Multi-source unsupervised co-transfer learning network

Design features are difficult for human activity recognition. In addition, the connections between multiple features between activities are challenging to capture. To this end, we propose MUCT. Our model comprises K feature extractors, 2K classifiers, and a consistency filter. The total loss of our model generally consists of domain and classification loss, where domain loss is measured by MMD, and classification loss is calculated by cross-entropy. The feature extractor extracts domain-invariant features and measures their differences to represent the domain loss. The classification loss improves the classifier’s performance, and therefore network performance. We use a consistency filter to obtain the confidence data of the target domain and add pseudo-labels to the training set. Because the target domain data are added to the training set, the classifier performs better on the target domain. The total loss of our model is

$$\begin{aligned} \mathcal {L}_{muct} = \mathcal {L}_{cls} + \mathcal {L}_{mmd}. \end{aligned}$$
(6)

In MUCT, the feature is extracted by the feature extractor, and the feature distribution of each pair of source and target domains is as similar as possible to MMD. After this stage, we can approximately consider the source and target domain data distributions to be similar. This provides the basis for our second stage. MUCT improves the classifier’s performance on the target through a consistency filter. We determine its final label by averaging the weights. We use each classifier to predict the probability of the class to which the target human sample belongs by summing the possibilities and averaging them. The category with the highest probability is its label. This process can be expressed as follows:

$$\begin{aligned} H(x^t_i) = \frac{1}{2K} \sum _{k=1}^{K}\sum _{z=1}^{Z}C_{kz}(f_{k}(x^t_i))). \end{aligned}$$
(7)

Experiment

We conducted a number of evaluations and experiments to compare the effectiveness and performance of our methods with other state-of-the-art (SOTA) domain adaptation methods on two benchmark HAR data sets and a real-world data set.

Data sets and setup

We compared the effectiveness and performance of MUCT with ResNet [47], JDA [48], TCA [49], DAN [50], DAAN [51], and MFSAN [43], which include traditional deep learning, single-source domain adaptation, and multi-source domain adaptation methods.

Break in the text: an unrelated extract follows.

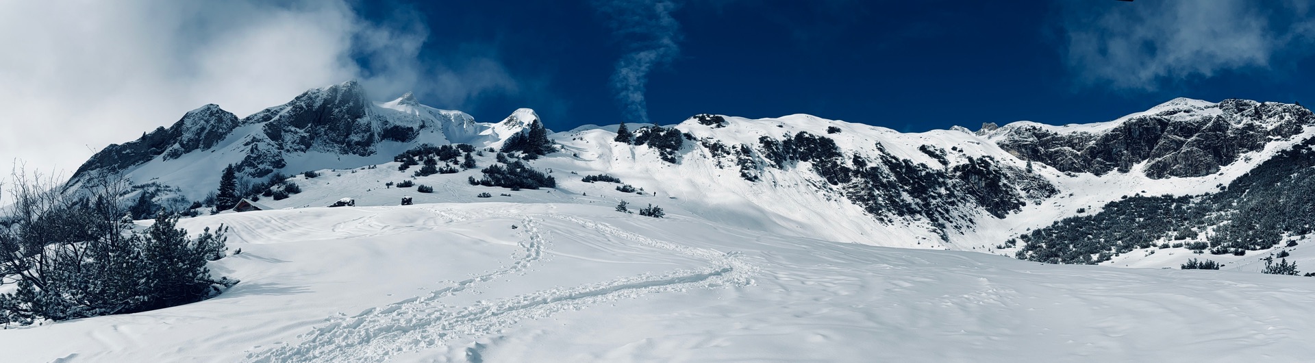Ab der Käser-Alpe dann wieder auf die Ski. Etwas später, so gegen 1600 Meter dann 10-15 cm frischer Pulver auf stabilem Grund. Das Gelände war zumindest heute komplett unverspurt. Überraschend viel Schneeschuhgeher waren unterwegs. Aber die tun ja nix, und stapfen in der gleichen Spur rauf und auch wieder runter. Habe da dann auch kein Problem damit, wenn die die Aufstiegsspur platt walzen, war immer noch gut zu gehen und dann definitiv lawinensicher - Peace ✌️.

We performed three standard comparisons: (1) Source combine unites different source domains into one, despite the distribution variance; (2) Single best reports the optimal results in multiple single-source domain adaptations among multi-source domain, to compare the differences between the upper bound of single-source and multi-source domain adaptation; (3) Multi-source compares the classification results of multi-source domain adaptation methods. To further validate the effectiveness of every component in our model, we carried out ablation experiments and evaluated several MUCT variants: (1) \(MUCT_{SV}\), with a single classifier; (2) \(MUCT_{NC}\), without a consistency filter; (3) MUCT, the whole pipeline, combining multiple classifiers and a consistency filter. Considering calculation and time constraints, we followed the experimental setup in FedHealth [52], randomly selecting four subjects in each data set to evaluate the effectiveness and performance of our model.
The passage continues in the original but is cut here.